Background While national surveys showed declines in e-cigarette use in the USA between 2015 and 2016, recent reports indicate that JUUL, a sleekly designed e-cigarette that looks like a USB drive, is increasingly being used by youth and young adults. However, the extent of JUUL’s growth and its marketing strategy have not been systematically examined.

Methods A variety of data sources were used to examine JUUL retail sales in the USA and its marketing and promotion. Retail store scanner data were used to capture the retail sales of JUUL and other major e-cigarette brands for the period 2011–2017. A list of JUUL-related keywords was used to identify JUUL-related tweets on Twitter; to identify JUUL-related posts, hashtags and accounts on Instagram and to identify JUUL-related videos on YouTube.

Results In the short 3-year period 2015–2017, JUUL has transformed from a little-known brand with minimum sales into the largest retail e-cigarette brand in the USA, lifting sales of the entire e-cigarette category. Its US$150 million retail sales in the last quarter of 2017 accounted for about 40% of e-cigarette retail market share.

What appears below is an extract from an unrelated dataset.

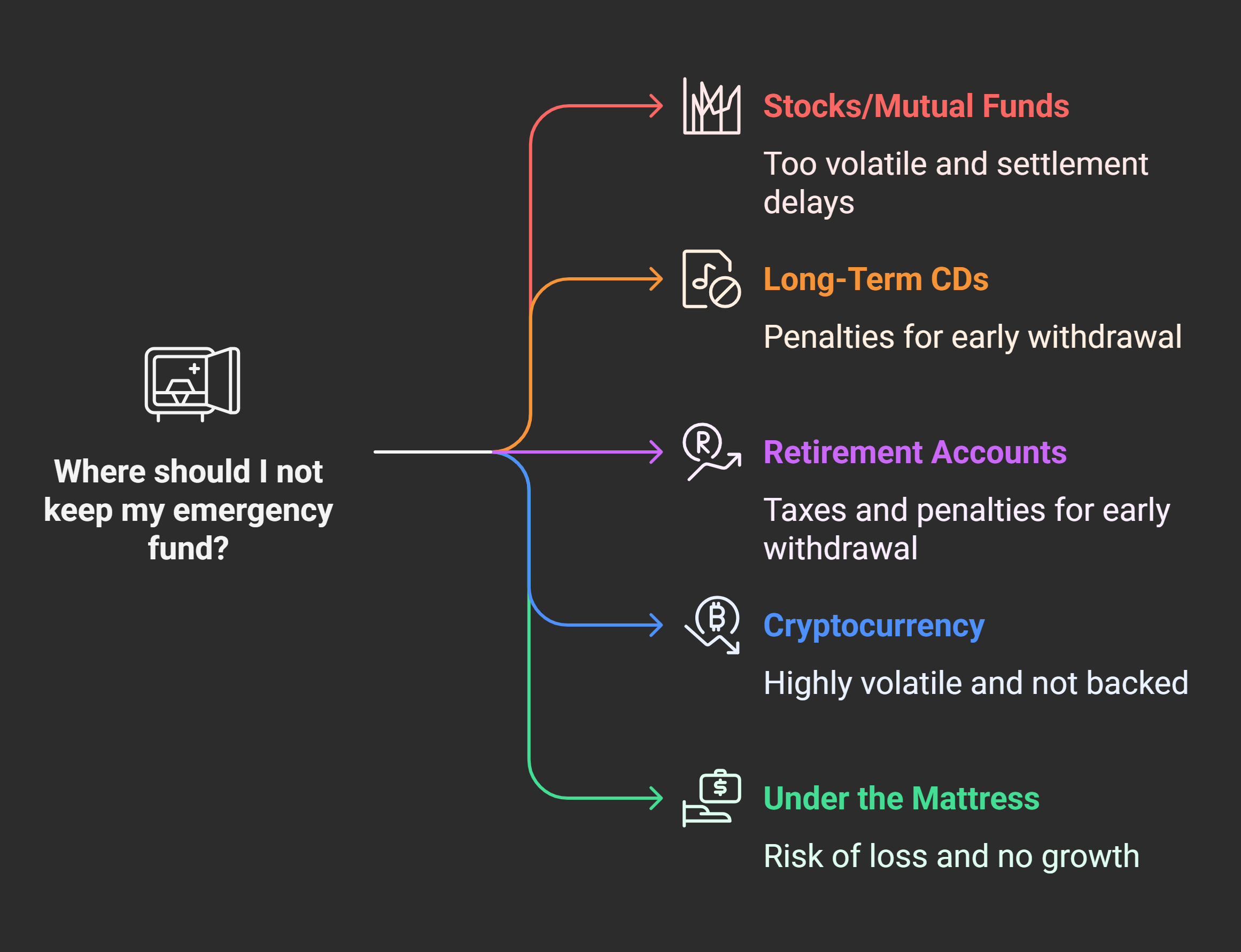 - Stocks or Stock Mutual Funds: These are too volatile. A market downturn could shrink your emergency fund right when you need it most. Plus, selling investments can take a couple of days for settlement.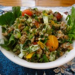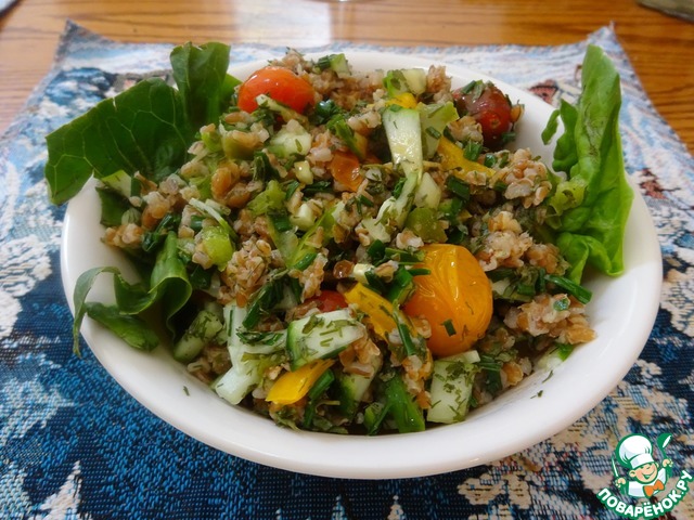 5. В одной емкости смешиваем зелень и овощи. Добавляем булгур. Солим, перчим. Заправляем растительным (в идеале - оливковым) маслом и соком из половинки лимона.

While marketing expenditures for JUUL were moderate, the sales growth of JUUL was accompanied by a variety of innovative, engaging and wide-reaching campaigns on Twitter, Instagram and YouTube, conducted by JUUL and its affiliated marketers.

Conclusions The discrepancies between e-cigarette sales data and the prevalence of e-cigarette use from surveys highlight the challenges in tracking and understanding the use of new and emerging tobacco products. In a rapidly changing media environment, where successful and influential marketing campaigns can be conducted on social media at little cost, marketing expenditures alone may not fully capture the influence, reach and engagement of tobacco marketing.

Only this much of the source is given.